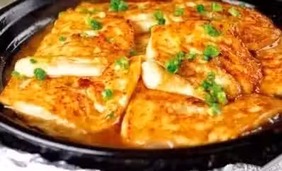 2、豆腐切丁,用中火煎定型並成金黃色盛出。
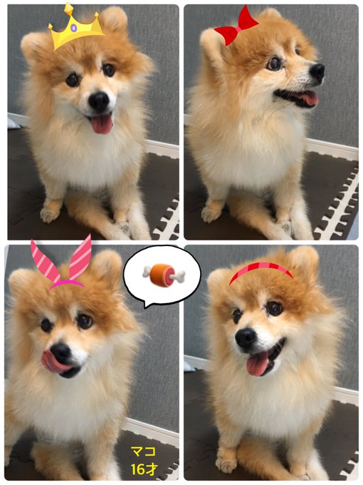 0 1 #老犬介護 #ポメラニアン #コスプレ ごはんを食べて、ごきげんマコちゃん❤️若い頃は、(妹)ミコは赤リボン、(姉)マコは黄色いリボンを付けてました。こういうの着けたら華やかですねー✨マコ、おばあちゃんだけど、いつまでも若々しくいてね。リボン買ってこようかなー🎀 21/01/31 14:14
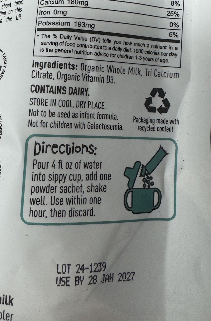 Ingredients: Organic Whole Milk, Tri Calcium Citrate, Organic Vitamin D3.

+ + +

Leaving the pictures aside, transcribe the entire listing exactly.

 2、豆腐切丁,用中火煎定型並成金黃色盛出。
 0 1 #老犬介護 #ポメラニアン #コスプレ ごはんを食べて、ごきげんマコちゃん❤️若い頃は、(妹)ミコは赤リボン、(姉)マコは黄色いリボンを付けてました。こういうの着けたら華やかですねー✨マコ、おばあちゃんだけど、いつまでも若々しくいてね。リボン買ってこようかなー🎀 21/01/31 14:14
 Ingredients: Organic Whole Milk, Tri Calcium Citrate, Organic Vitamin D3.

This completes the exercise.